The only evidence that the radar had been tested for accuracy was the officer’s testimony that she had tested it with tuning forks, which in turn had been certified to be accurate by “Southeastern *167Communications.” The officer testified that she used two tuning forks, one for thirty-five miles per hour and one for sixty-five miles per hour and, using standard procedure, the radar readings indicated that the unit was functioning accurately. In addition, the court admitted into evidence, over the appellant’s objection, certificates signed by a person on behalf of Southeastern Communications certifying that ten months earlier the radar and the tuning forks had been tested and were found to be operating properly.3
The General Assembly statutorily has exempted from the bar of the hearsay rule certain certificates used as evidence of a radar device’s calibration; however, the exemption extends only to certificates involving calibration by use of a speedometer, not tuning forks. A certificate is admissible over a hearsay objection when signed by an officer who has calibrated a radar device against the speedometer and when accompanied by a further certificate reflecting the accuracy of the speedometer used to calibrate the radar device. Code § Í6.2-882.4 The certificates must conform to the requirements of the statute, including one which limits their validity to six months. Id. There is no statutory authority overcoming the hearsay rule with regard to certificates of the accuracy of tuning forks. The certificates in this case, therefore, were not exempt from the hearsay rule and should not have been admitted into evidence.

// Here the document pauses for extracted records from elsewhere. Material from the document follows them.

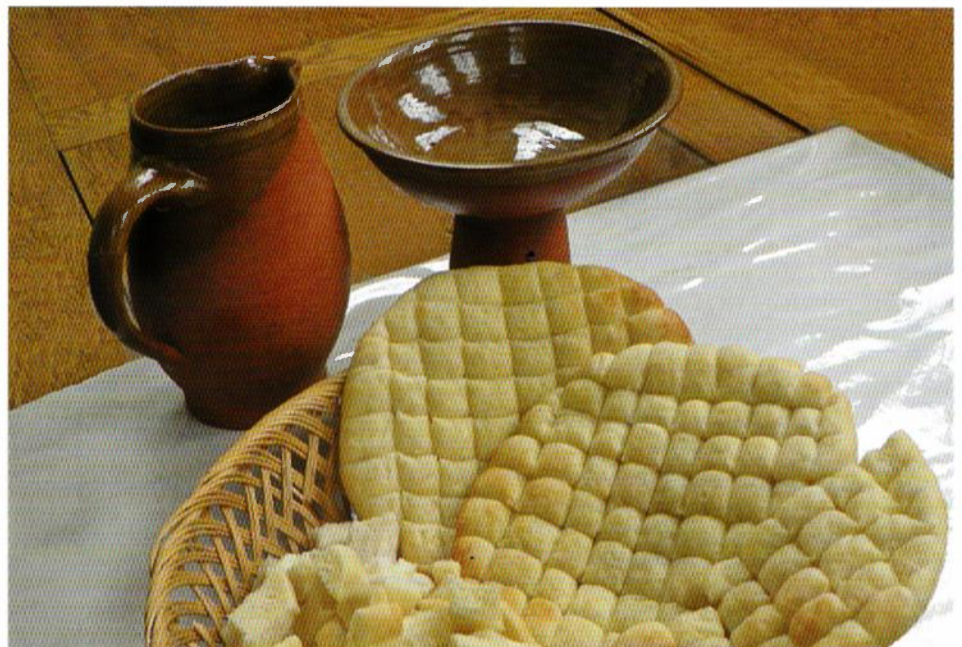
Brood en beker in Open Kerk Helvoirt.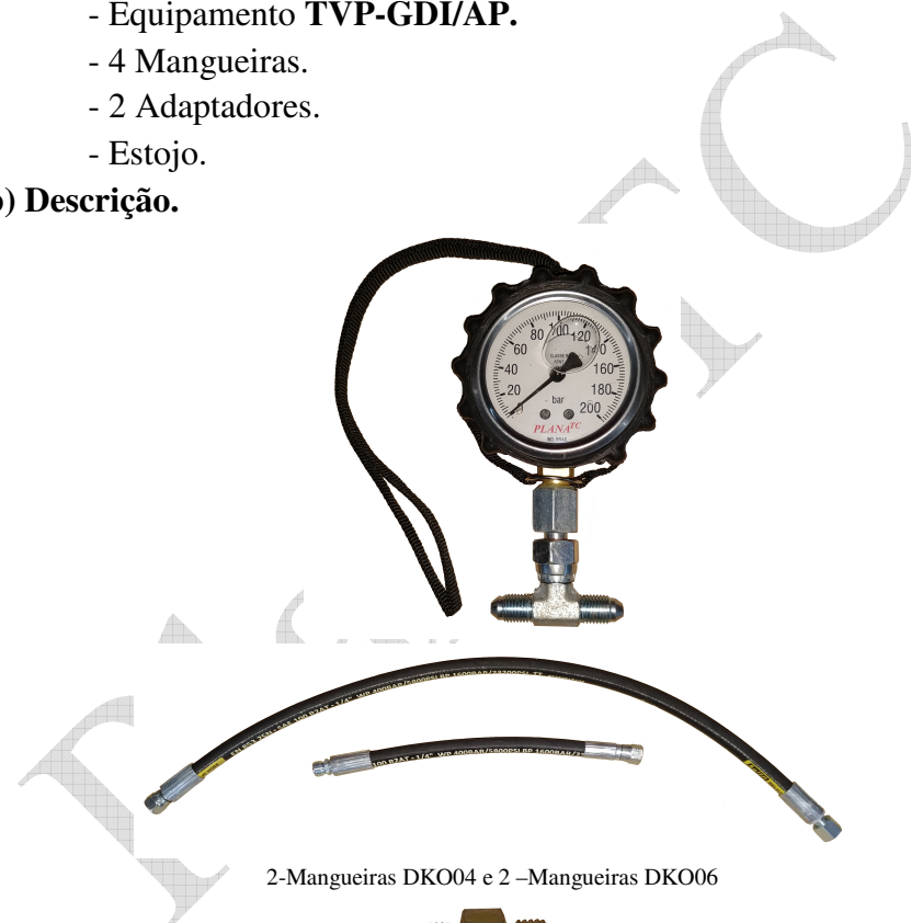
2-Mangueiras DK004 e 2 -Mangueiras DK006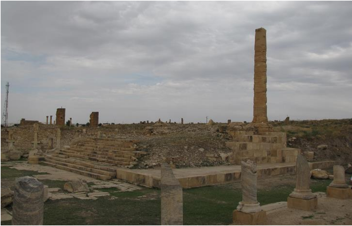
（カピトリウム跡。2009年8月27日）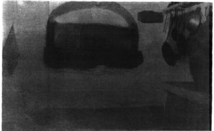
Cuina de Sa Cova

CREPELLS: -De la pasta sobrant dels robiols (és a dir, de la mateixa pasta) s'acostuma a fer crespells, estrelles, galletetes i altres peces que s'enfornen al mateix temps que els robiols.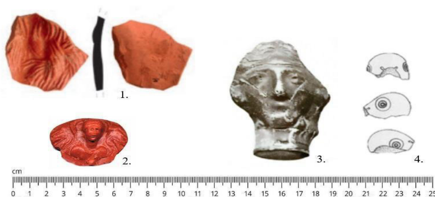
Figura 4. Otros elementos figurados hechos en sigillata . 1. Fragmento con vestiduras traseras femeninas de Emerita Augusta (BUSTAMANTE ÁLVAREZ, 2016: 167, fig. 8.3); 2. Amuleto propiciatorio con representación de Victoria (Velilla de Aracanta, Agoncillo, La Rioja) (PAVIA LAGUNA, 2001: 141, fig. 2) ; 3. Cabeza femenina de Veleia (NIETO GALLO, 1958: lám. 59.2); y 4. Dibujo de fragmento de cabeza de ave de Numancia (ROMERO CARNICERO, 1985: 421, fig. 89.922).

su procedencia exacta, no descartando la tritiense. Se conservan las vestiduras traseras de una figura femenina datada a finales del siglo I (BUSTAMANTE ÁLVAREZ, 2013: 181-182 y 504, lám. 164) (Fig. 4.1). Procede del suburbio norte, un sector que en época romana albergó una zona funeraria (HERAS MORA y OLMEDO GRAGERA, 2010: 45-47) pero también hubo entornos productivos o zonas de vertidos de escombros producidos en obras de monumentalización de espacios domésticos, zonas públicas, etc. lo que hace complicado poder rastrear dónde estaba en origen esta manufactura y su funcionalidad (HERAS MORA et al. , 2011: 349-252).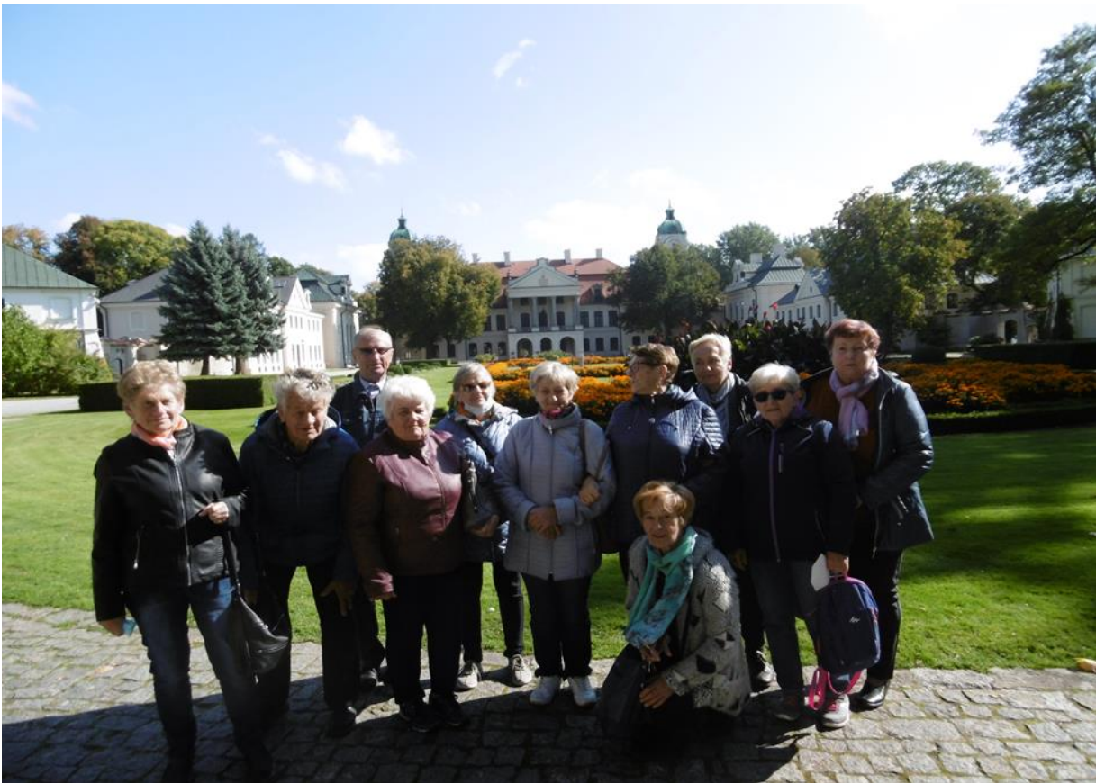
Wycieczka do Kozłówki (29.09.2021 r.)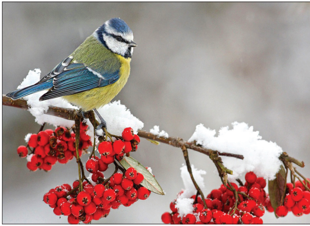
«...Й гілка невеличка, де живе-зимує чепурна синичка»

Погодні умови на наступні зимові місяці, весну та літо прогнозуватимемо, беручи до уваги народні прикмети. Старі люди здавна спостерігають за ними у такі дні грудневих релігійних свят: Платона та Романа (1), Третя Пречиста (4), Катерини (7), Андрія Первозваного (13), Миколая Чудотворця (19).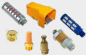
Acessórios para Válvulas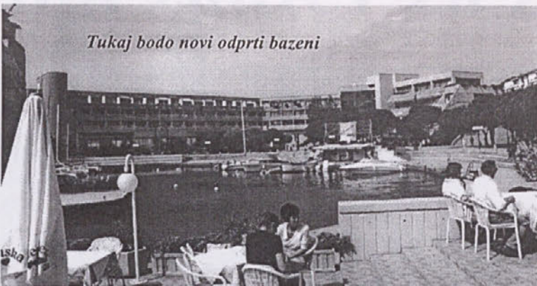
Tukaj bodo novi odprti bazeni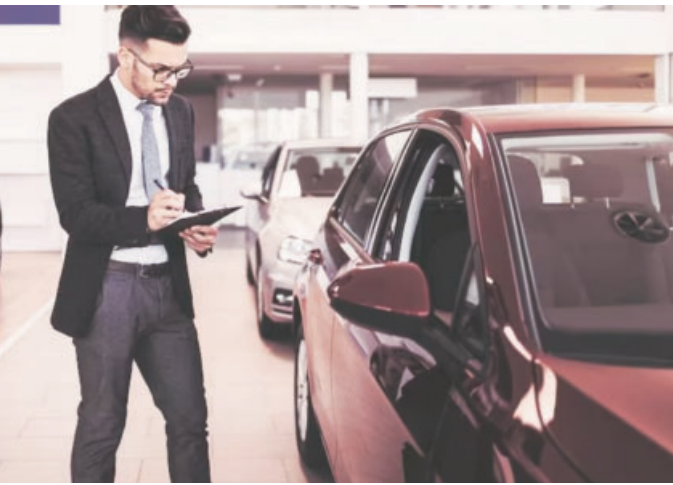
अक्टूबर महीने में यात्री वाहनों की रिकॉर्ड बिक्री दर्ज की गई, जो पिछले साल की इसी अवधि के मुकाबले 0.9 फीसदी की मामूली बढ़ोतरी है

बाजार की अग्रणी मारुति सुजूकी के साथ-साथ टोयोटा किरोस्कर मोटर और रेनो ने अपनी यूवी की घरेलू बिक्री में क्रमशः 19.4 फीसदी, 51.7 फीसदी और 5.75 फीसदी की बढ़ोतरी दर्ज की। यूवी की घरेलू बिक्री में इजाफे के अलावा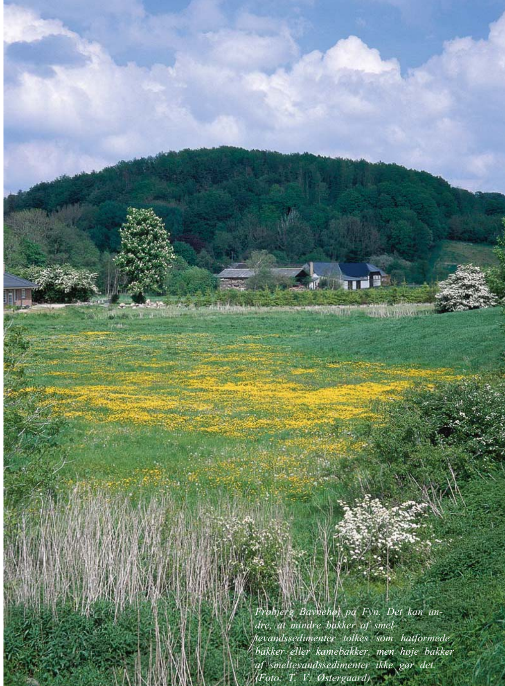
Frøbjerg Bavnehøj på Fyn. Det kan undre, at mindre bakker af smeltevandssedimenter tolkes som hatformede bakker eller kamebakker, men høje bakker af smeltevandssedimenter ikke gør det.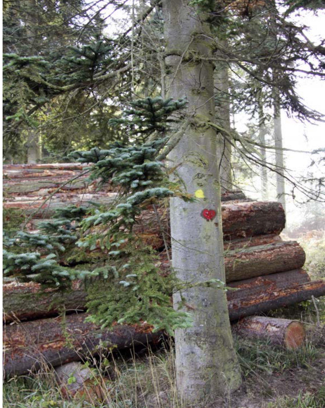
En skovkontoordning vil give ejerne tryghed og fleksibilitet.

Så en skovkontoordning vil kunne gøre en reel forskel for ejerne og dæmme op for de store og ikke kontrollerbare udsving i indtjeningen. Derfor arbejder vi fortsat på at få indført en sådan ordning.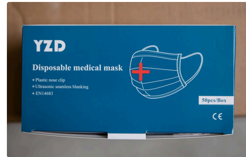
Gros plan sur une de ces boîtes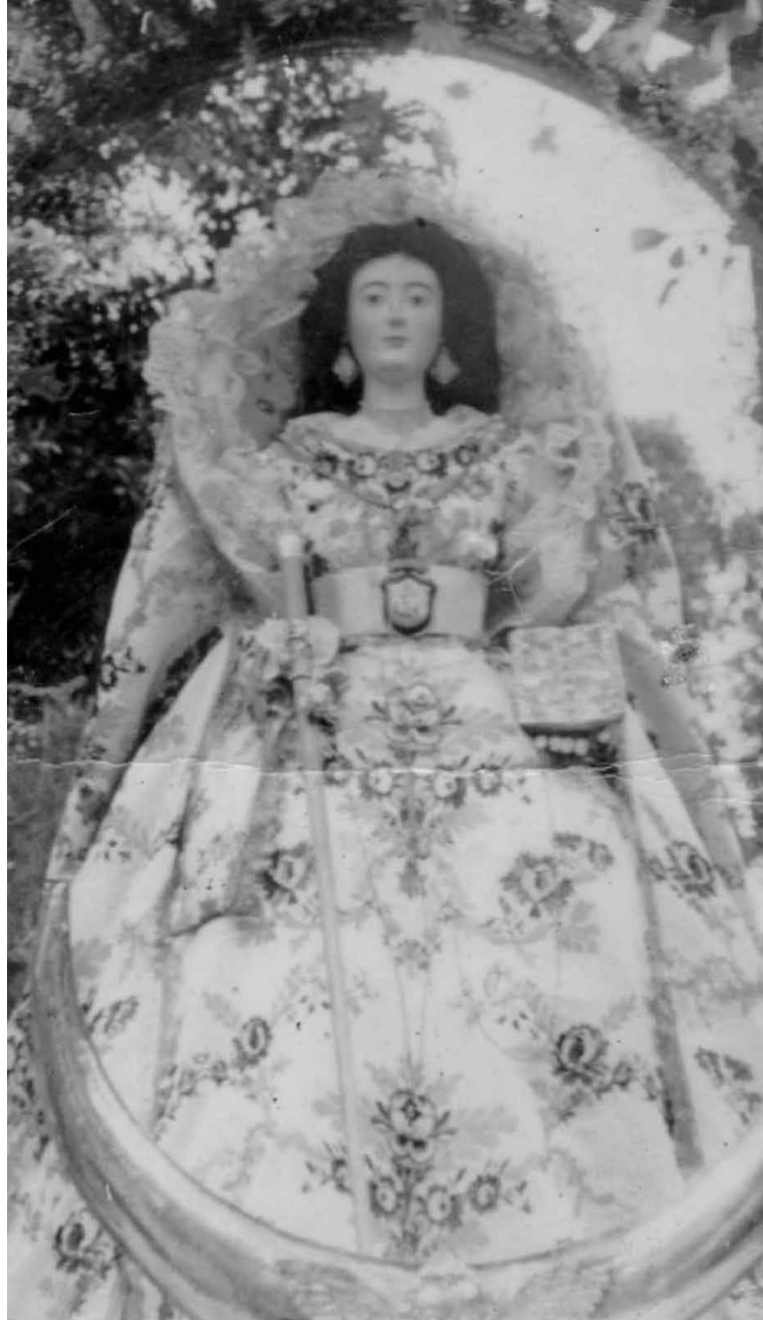
Imagen de Ntra. Sra. de La Encarnación, con el bastón de mando, Alcaldesa Honoraria y perpetua.

La presea fue ejecutada por el orfebre Luis Vispé en su taller del vecino municipio de Guía de Isora. La pieza representa la unión del pueblo de Adeje con su devota imagen de la Encarnación. La corona de tipología imperial, destaca por su canastillo de amplias proporciones que contiene una serie de símbolos propios de la villa, como el escudo de la misma, y otros elementos que fueron relacionados también con la simbología mariana. La obra de orfebrería fue donada por la Cooperativa de Taxis de Costa Adeje.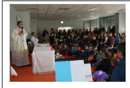
Et la messe pour les volontaires.

« Les couleurs de Noël » journée festive avec le marché de solidarité, au profit de l'association « Les amis de Fambine », qui a remporté un vif succès.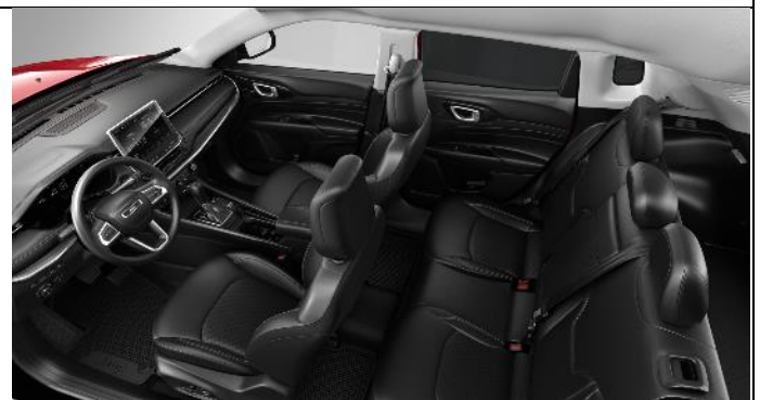
070 - Cloth/ vinyl black with light tungsten stitching / 80 th Anniversary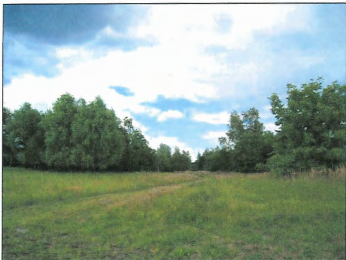
Fot. 5 Nieużytki pomiędzy ul. Jaskrów a terenem cmentarza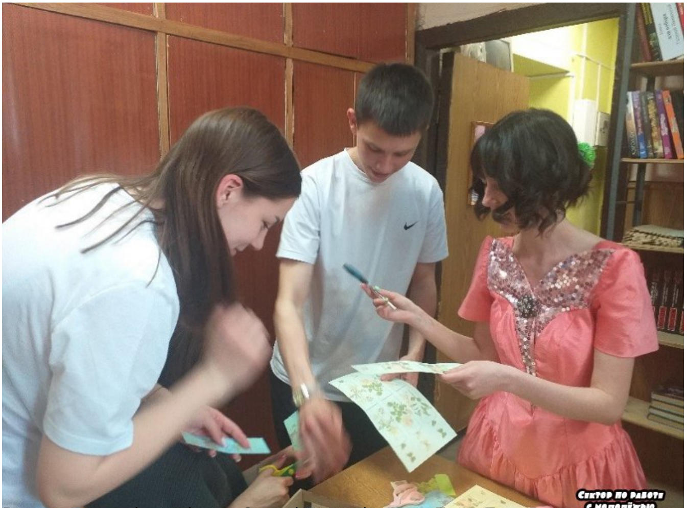
Відвідувачі бібліотеки беруть участь у конкурсі «Великий енциклопедичний конкурс»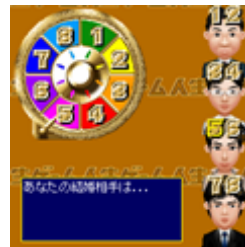
結婚相手もルーレットで決定!!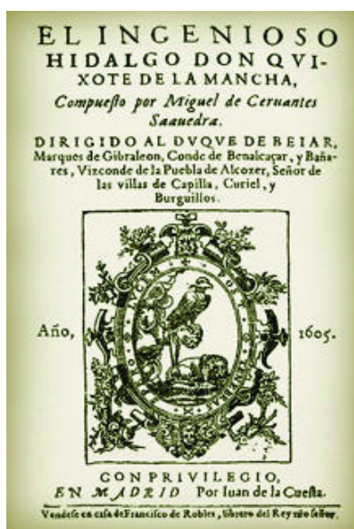
Portada de la 1ª edición de don Quijote de la Mancha

Mi guel de Cervantes Saavedra 5 a edición Barcelona, 1895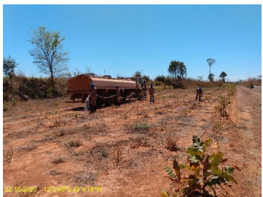
Foto N° 15: Irrigação na área 0105, Cariri, km 0962+800 - 0978+500, Data 22/10/20, Coordenadas Geográficas Decimais 12°2'48" S; 49°4'18" W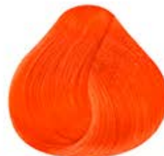
NEON CHISPA NARANJA Spark Orange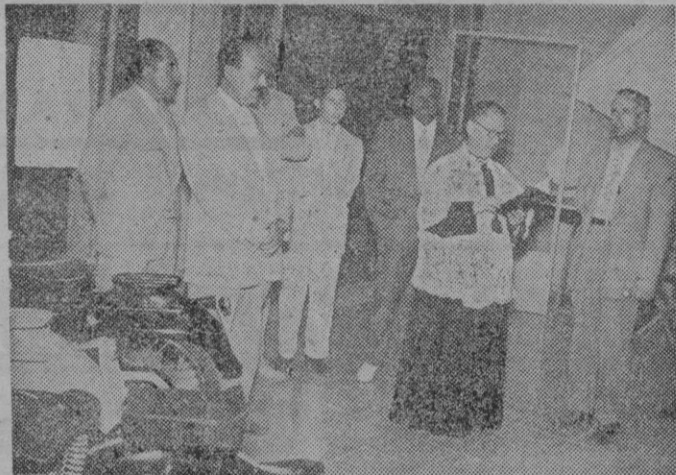
El Vicario de San Miguel, en el momento de la bendición de las instalaciones

del barrio de San Miguel. Concurrieron un numeroso grupo de invitados que fueron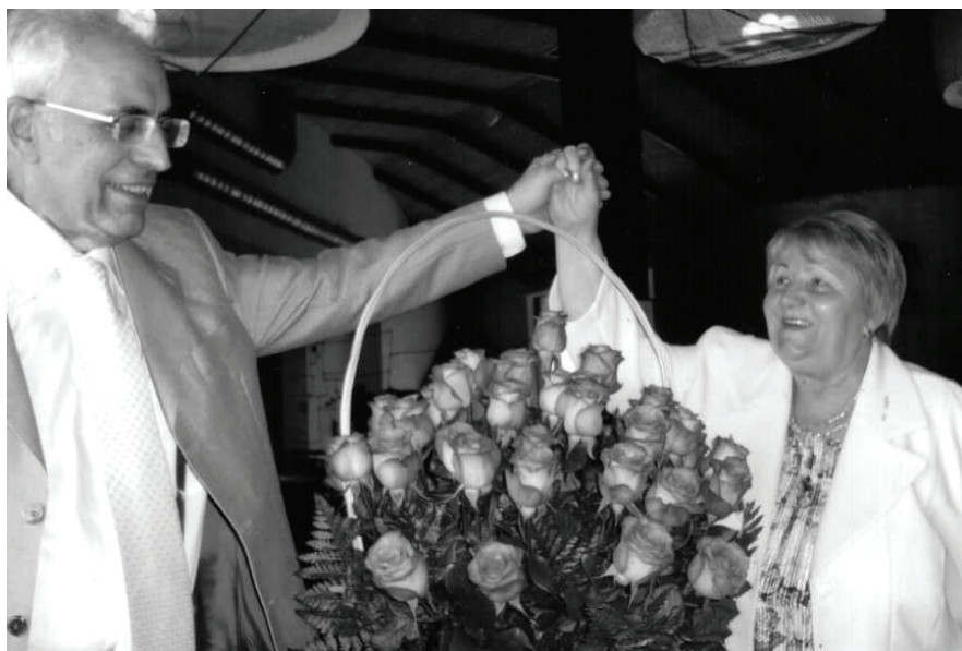
Юбилей свадьбы. Фотография 2010 г.

Without the certificates, the evidence of the accuracy of the radar device was limited to the testimony of the officer that the radar device had responded appropriately to two tuning forks, the accuracy of which was not established. Thus, there was no evidence upon which to find that the radar device appropriately responded to the tuning forks. Biesser v. Town of Holland, 208 Va. 167, 169, 156 S.E.2d 792, 794 (1967); see also Crosby v. Commonwealth, 204 Va. 266, 268, 130 S.E.2d 467, 468 (1963); Royals v. Commonwealth, 198 Va. 883, 884, 96 S.E.2d 816, 817 (1957). The evidence of the accuracy of the radar device used in *168this case was, therefore, insufficient.
In summary, we hold that the appellant was entitled to present expert testimony tending to impeach the accuracy of the radar reading upon which the Commonwealth’s case was based, so long as it did not challenge the use of radar as a device for measuring the speed of a moving vehicle. In addition, we hold that a radar unit’s accuracy is not established simply by proof that the unit was tested by tuning forks without proper evidence of the accuracy of the forks.
The judgment of conviction is reversed and this proceeding is remanded for a new trial.
Reversed and remanded.
Willis, J., concurred.
Formerly Code § 46.1-198, repealed by 1989 Acts c. 727 effective October 1, 1989.
Having reached this conclusion, we need not address the appellant’s contention that Code § 46.1-198, if it prohibits the expert’s testimony, is unconstitutional because it creates a bar to the defendant’s introduction of relevant evidence on his own behalf. See Massey v. Commonwealth, 230 Va. 436, 442, 337 S.E.2d 754, 757-58 (1985).
We are not able to correlate the radar certificate of accuracy with the tuning fork calibrations. The radar certificated describe frequencies measured with the abbreviation “GHz,” while the tuning fork certificates refer to frequencies measured with the abbreviation “MHz.” Because of the conclusion we reach, we need not address resolution of the significance, if any, of these different abbreviations.
In 1990, the General Assembly amended Code § 46.2-882 to make admissible the certificate of accuracy of the tuning forks, subject to a six month limitation.